The assumptions that ω_c is proportional to F(t) and that other shaping parameters of h(t) do not change are reasonable for fairly wide ranges of estimates of flow in large vessels and for the pulmonary and renal circulations. However, dispersion, skewness, and kurtosis of h(t) would vary whenever a change in flow results in a change of velocity profile in large vessels or in a change of the distribution of regional flows in a capillary network. The approximation can be useful in obtaining a description of the transport function when F(t)/F̄_u is known. General treatments have been given by Stephenson (1) and Sherman (29), and a closer approach to the problem was provided by Zadeh (30). His treatment can be simplified considerably when the injection is an impulse, δ(t), and when concentration and flow are the same across the cross section of the vessel.

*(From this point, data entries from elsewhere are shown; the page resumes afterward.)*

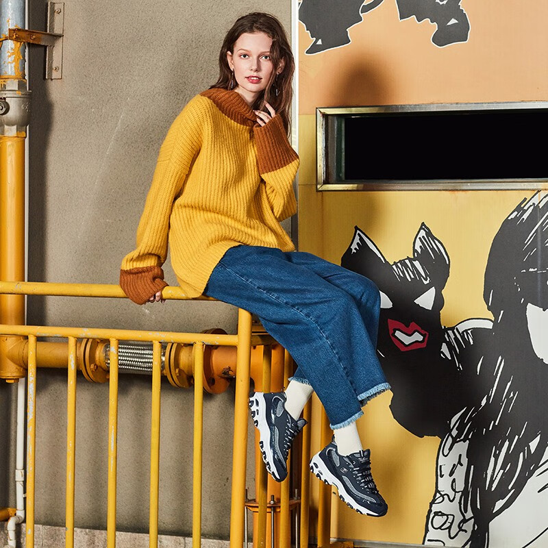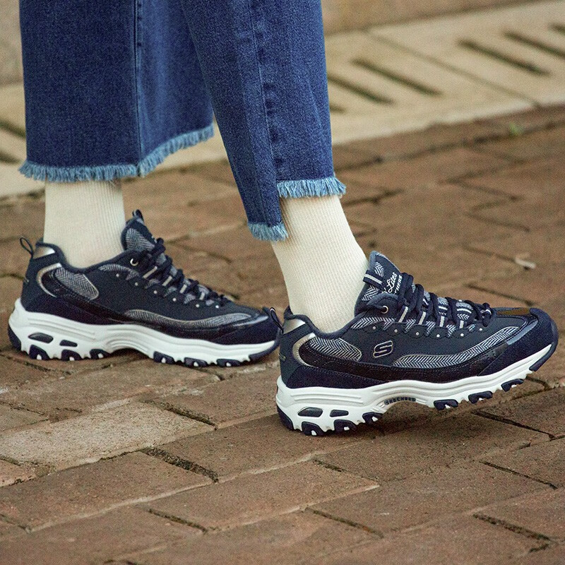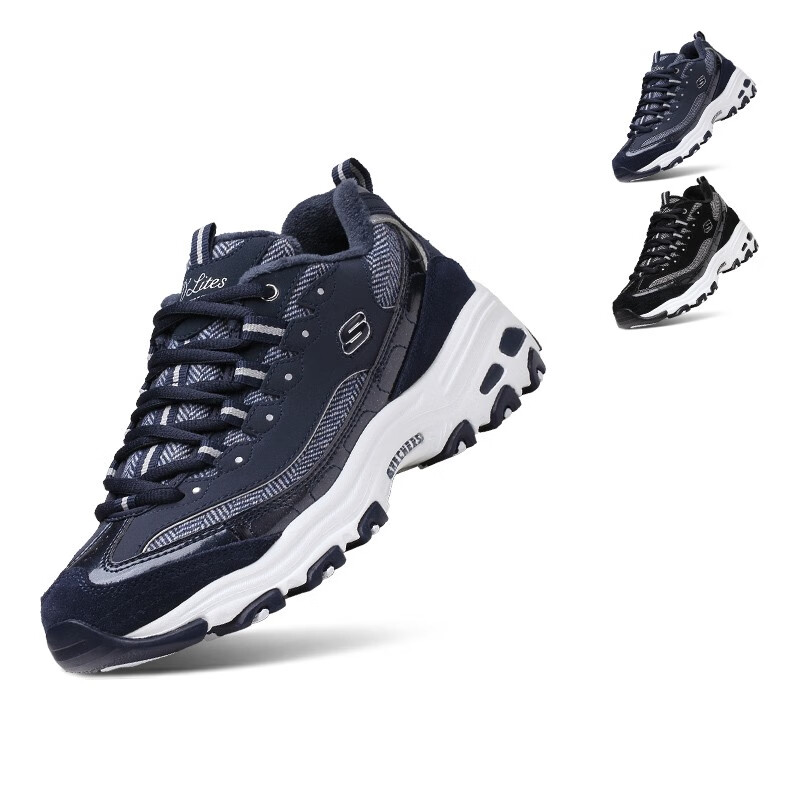 SKECHERS 斯凯奇 D‘Lites 女款休闲运动鞋 66666036,采用加绒内里,从容面对温度下降,酷炫厚底,拉长腿部线条,细条纹毛呢,玩转别样复古风潮。
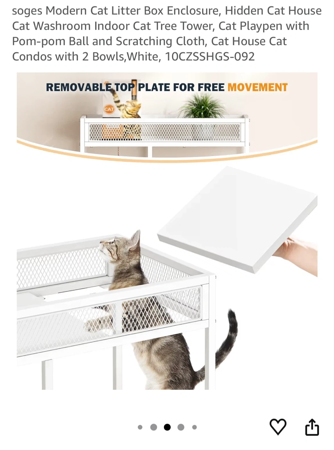 Soges Modern White Cat Litter Box Enclosure & Tree Tower
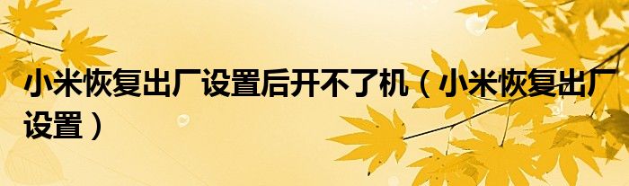 小米恢复出厂设置后开不了机(小米恢复出厂设置)
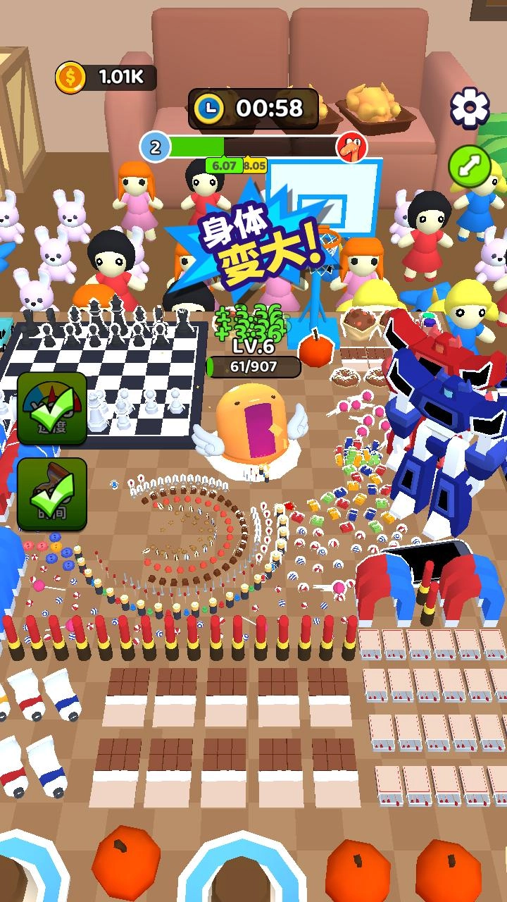 只需轻轻滑动屏幕就能控制黑洞的移动,使其吞噬行进路径上的所有物品。
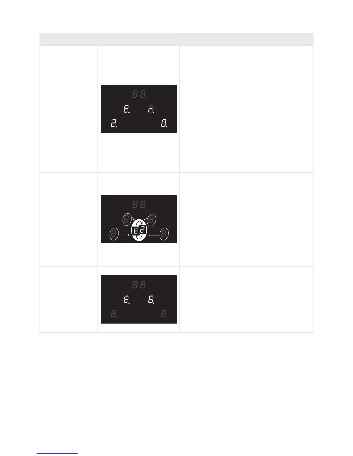 ERROR CODES ON THE DISPLAYS OF THE COOKING ZONES
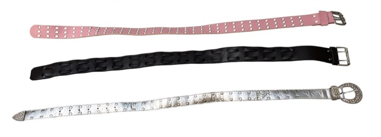 β’ π Pink Grommet Belt β Rows of silver eyelets and a sleek buckle for a modern, Y2K-inspired pop
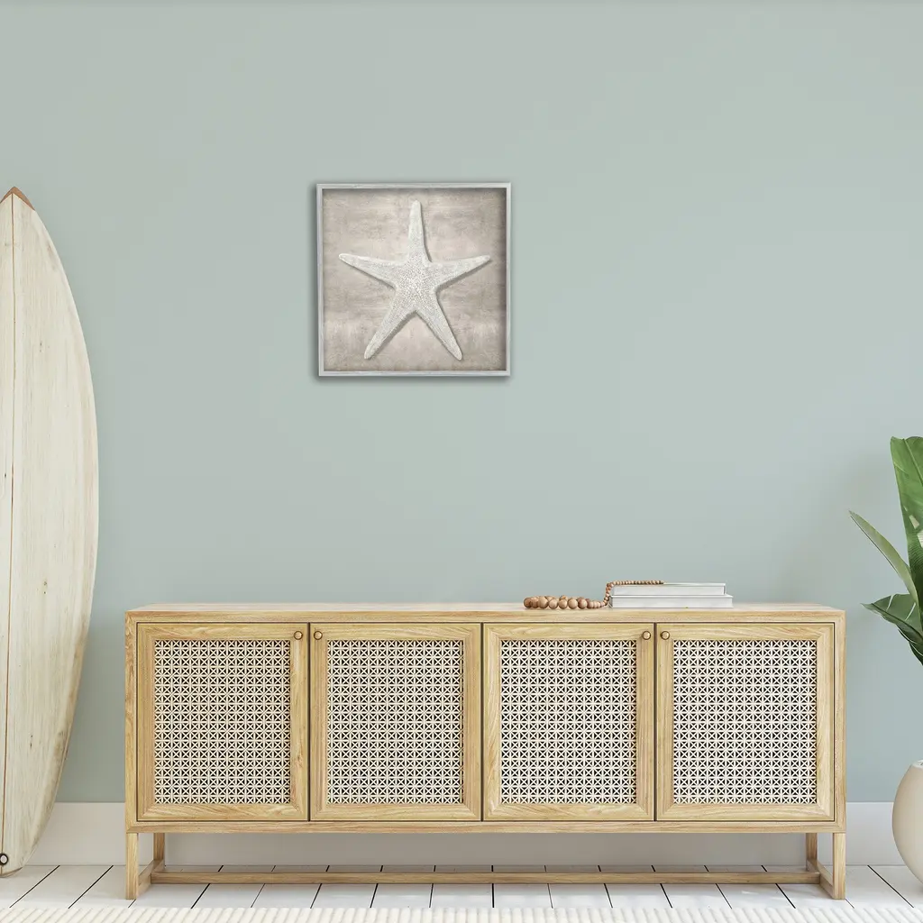 Add dimension to any room with our textured Framed Giclee Artwork. Our framed artwork is securely mounted into a 1.5-inch thick wood grain frame and ready to hang. Frames are available in three alluring styles: black, gray farmhouse and white. In addition, you should check out our oversized options if you want a statement piece. Stupell Wall Art is made in the USA.Features: Dimensions: 12 x 1.5 x 12 FramedFramed Giclee Product Sizes Include 12"x12", 17"x17", and 24"x24". Framed Giclee Products have a 1.5" Depth. Wall Art is Ready to Hang with Hardware Free Hanging. No installation required. For Easy Set Up Lean or Layer Artwork on Shelf or Against Wall.Our giclée prints are carefully mounted on a durable MDF backing, and then perfectly finished in a 1.5 inch thick woodgrain frame. Mounted frame colors include black, gray farmhouse and white. Made In USA.Artwork Relates To: Animal, Invertebrate, Sea Life, Seashell, Starfish, Nautical, BeachDesign by Amber Sterling
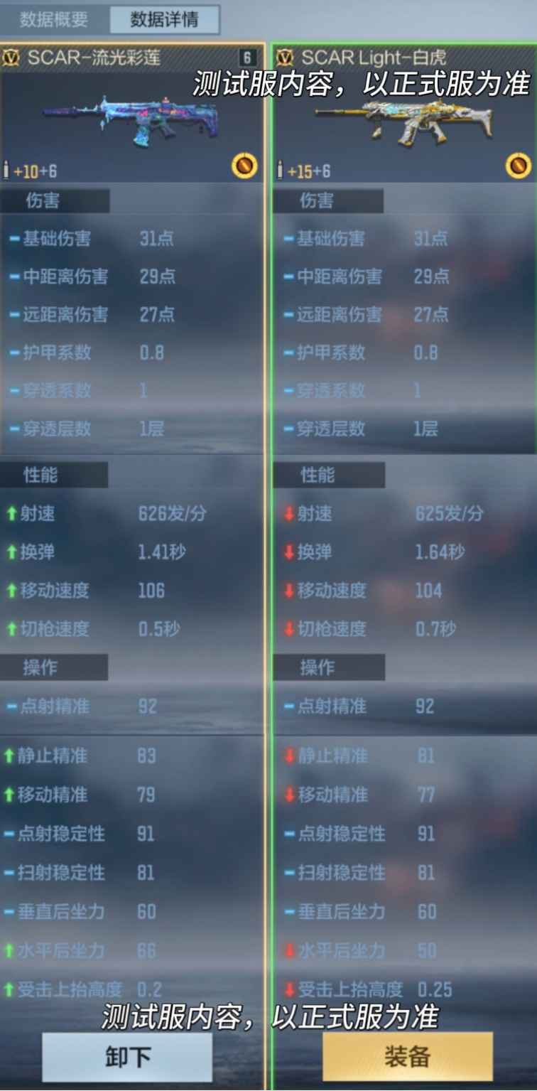 我们将SCAR-流光彩莲与SCAR Light-白虎进行对比,可以看到伤害方面两把武器持平,但无论是性能上还是操作上SCAR-流光彩莲都要略优于SCAR Light-白虎,最强SCAR武器或将易主。

The present model can be used moderately well even if F(t)/F̄_u is not completely described. If respiratory and cardiac frequencies are known or recorded along with concentration-time curves from the input and output ends of the segment, then F(t) may be considered as the sum of two periodic functions of unknown amplitude but of approximately known form. With the upstream curve used as input, y₀(t), the parameters of the differential operator may be varied to obtain optimal matching of y₆(t) with the curve recorded at the downstream point. Even with imperfect estimates of F(t), this should provide much more accurate estimations of the circulatory transport function than could be obtained by assuming that F(t) = F̄.